BigQuery is Google’s fully managed, petabyte scale, low cost analytics data warehouse that enables users with super-fast SQL queries using the processing power of Google’s infrastructure.
Information Server provides a native BigQuery Connector to read/write data from/to the tables on BigQuery and integrate it into the ETL job design.
We demonstrate a sample use case here which performs a read operation on BigQuery table using BigQuery Connector. The datastage job includes a BigQuery Connector as source stage and DB2 Connector as target, where the data from BigQuery is written to a table on DB2, moving data from cloud on to OnPremise in a hybrid cloud scenario.

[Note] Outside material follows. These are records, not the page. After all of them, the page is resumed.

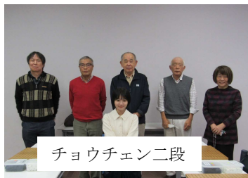
チョウチェン二段
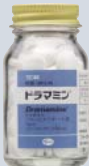
ファイザー製品(100錠瓶)
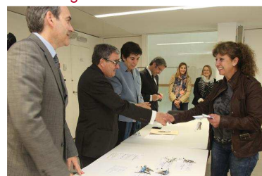
amb alta resolució

In this recipe, I will show you how we can configure BigQuery Connector properties to read data from Google BigQuery and move it to DB2 table.
Configure BigQuery Connector Properties to read from Google BigQuery
1. Download the Google service account credentials json file and copy it to any location on Engine tier.
2. Provide the fully qualified path to the above json file under Credentials file in the Connection Properties as follows:
3. Provide the Schema name property on which the table resides.
4. Provide the Table name property from which data has to be read.
5. Optionally, you can choose to provide a value for row limit property, where only those number of rows will be read by each node. For example, if the row limit has been set to 10 and a two node configuration is used to run a job, then only 20 rows will be read from BigQuery table.
6. Under Output tab, provide the column name and type details of data, that needs to be read from Google BigQuery
Configure DB2 connector as target
1. Provide Database, Username and Password details for DB2, in the connection properties of DB2 Connector.
2. Select Write Mode as Insert and Generate SQL option to Yes, to auto-generate the insert statement.
3. Choose Table Action as Create and provide the DB2 Table name, where the data has to written.
Compile and run the job. The data from BigQuery table is written to the DB2 table.
When Datastage is configured to run on multiple nodes, each node reads a chunk of data in parallel from the BigQuery table.